I highly recommend you to watch
this movie!
Finally, when talking about the
“Negro Art”, Hughes in his work “The Negro Artist and the Racial Mountain”
states:
“One of the most promising of the young Negro poets said to me once, "I want to be a poet--not a Negro poet," meaning, I believe, "I want to write like a white poet"; meaning subconsciously, "I would like to be a white poet"; (…) And I was sorry the young man said that, for no great poet has ever been afraid of being himself. And I doubted then that, with his desire to run away spiritually from his race, this boy would ever be a great poet. But this is the mountain standing in the way of any true Negro art in America--this urge within the race toward whiteness, the desire to pour racial individuality into the mold of American standardization, and to be as little Negro and as much American as possible.”
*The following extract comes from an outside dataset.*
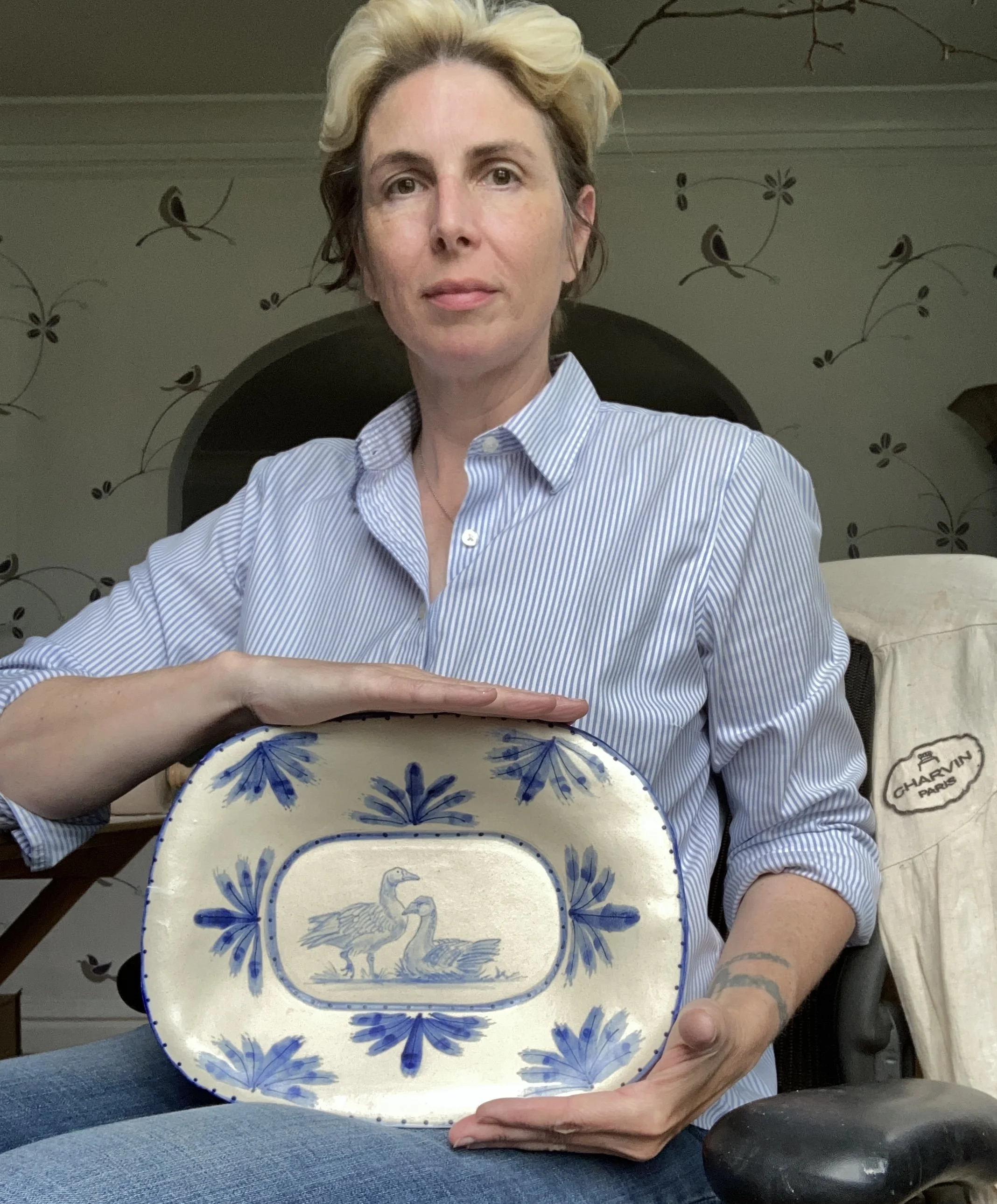 A full time artist, Maggie works in many mediums, painting, sculpture, she is a self taught ceramicist. First inspired by the tremendous decorative appeal of Delftware and Chinese blue and white, Maggie has developed the “Country Gentleman Collection“. These stoneware creations embrace the perfectly imperfect aesthetic of her hand built platters and vessels and are lavishly hand painted in scenes of the countryside and familiar animals in classic blue glaze.

With this idea, I immediately
think about Achebe and that this was exactly what he did not want for his
work. He wrote including symbolisms: music, fire; including the beauty of Igbo language, the traditions and the African culture just to let the world know the reality in
Africa, to make the reader realize that American or European literature or even
culture are not better and that no author should be ashamed to present his/her
roots in his/her work. You cannot separate an identity of a person, or a community from a culture
Do you think, in this context that is it better to represent a highly recognized and valuated culture as the
American rather to represent, for example, the African? Is it correct to try to
simulate or pretend to be part of something that you are not part of, leaving
aside your own roots? Would you like to be the White poet or the Negro poet?